Post-Training Embedding Alignment for Decoupling Enrollment and Runtime Speaker Recognition Models

Chenyang Gao,Brecht Desplanques,Chelsea J.-T. Ju,Aman Chadha,Andreas Stolcke
2024-01-23
Abstract:Automated speaker identification (SID) is a crucial step for the personalization of a wide range of speech-enabled services. Typical SID systems use a symmetric enrollment-verification framework with a single model to derive embeddings both offline for voice profiles extracted from enrollment utterances, and online from runtime utterances. Due to the distinct circumstances of enrollment and runtime, such as different computation and latency constraints, several applications would benefit from an asymmetric enrollment-verification framework that uses different models for enrollment and runtime embedding generation. To support this asymmetric SID where each of the two models can be updated independently, we propose using a lightweight neural network to map the embeddings from the two independent models to a shared speaker embedding space. Our results show that this approach significantly outperforms cosine scoring in a shared speaker logit space for models that were trained with a contrastive loss on large datasets with many speaker identities. This proposed Neural Embedding Speaker Space Alignment (NESSA) combined with an asymmetric update of only one of the models delivers at least 60% of the performance gain achieved by updating both models in the standard symmetric SID approach.

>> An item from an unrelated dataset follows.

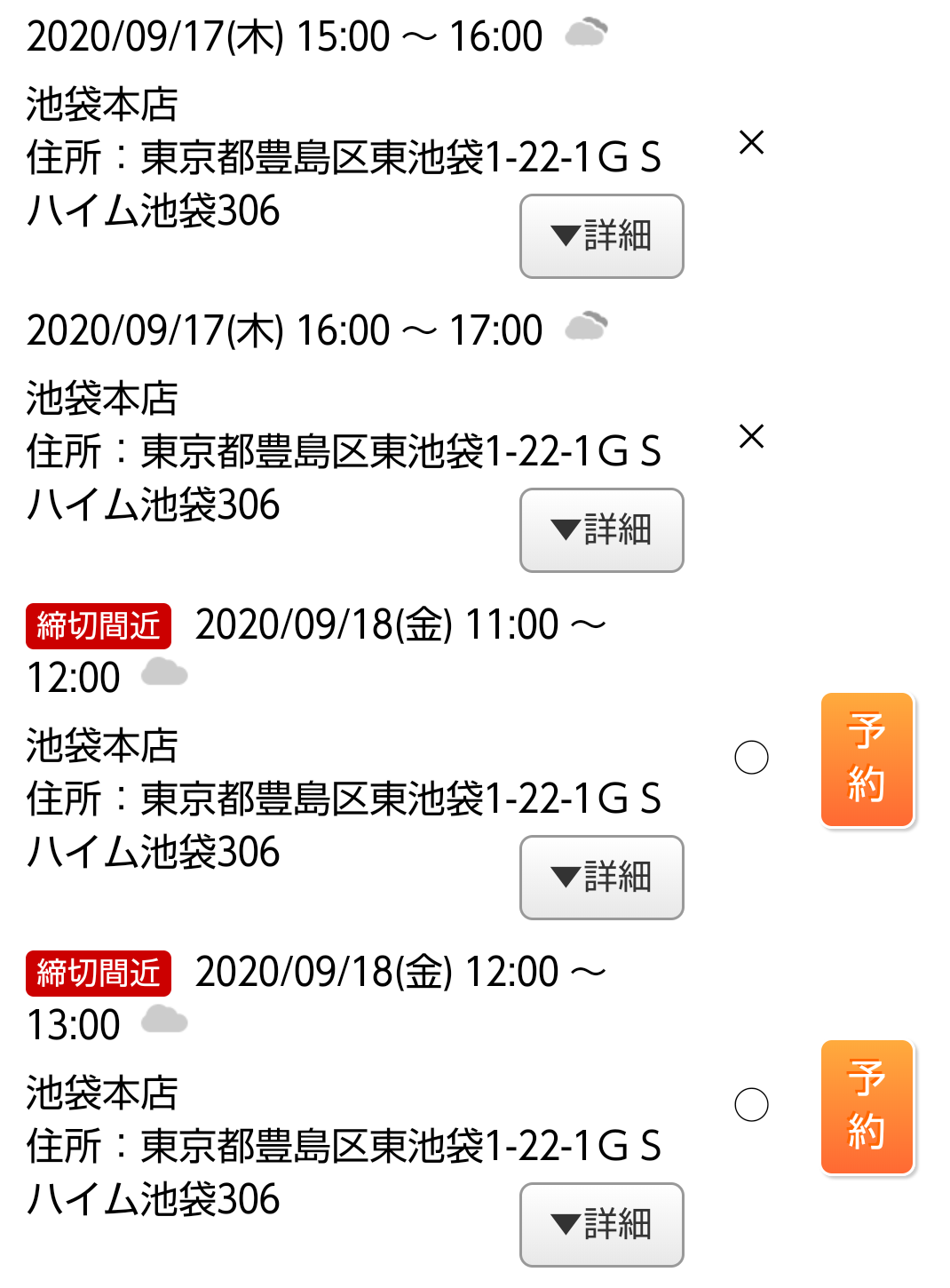 「✖」のところはすでに定員となっており選択することが出来ません💦💦

Audio and Speech Processing,Machine Learning,Sound
What problem does this paper attempt to address?
This paper discusses how to solve the asymmetry problem in speaker recognition (SID) in the speech recognition system without updating the speaker model, by using Post-Training Embedding Alignment (POST-TRAINING EMBEDDING ALIGNMENT). Traditional SID systems use a single model to handle offline speaker archives and online speech streams. However, due to different training and runtime environments, such as computation and latency constraints, the paper proposes an asymmetric framework that uses different models for registration and runtime embedding generation. To address the mismatch between the models, the paper proposes a method called Neural Embedding Speaker Space Alignment (NESSA), which uses lightweight neural networks to map the embeddings generated by two independent models to a shared speaker embedding space. Experimental results show that this method performs significantly better than cosine similarity-based shared speaker log space scoring on large-scale contrastive loss training datasets. By combining asymmetric updates where only one model is updated, NESSA achieves at least 60% improvement in the performance compared to standard symmetric SID methods that update both models. The paper also points out that previous work mainly relies on the alignment of shared speaker log score space, which may be ineffective when using models trained with non-typical training objectives. In contrast, NESSA allows independent model updates without joint training of the models and improves performance without large-scale updates to the models. The experimental section demonstrates the performance of NESSA in different scenarios, including comparisons with baseline models, proving its advantages in the asymmetric framework. Furthermore, the paper explores the impact of using different numbers of training speakers and an enhanced version of contrastive learning (M3) on NESSA, showing that in specific cases, this approach can approach or exceed the performance of a standard symmetric framework that updates both models. In summary, this paper aims to address the model mismatch issue in asymmetric speaker recognition frameworks by implementing the NESSA method, which enables effective and independent model updates, improving system efficiency and performance.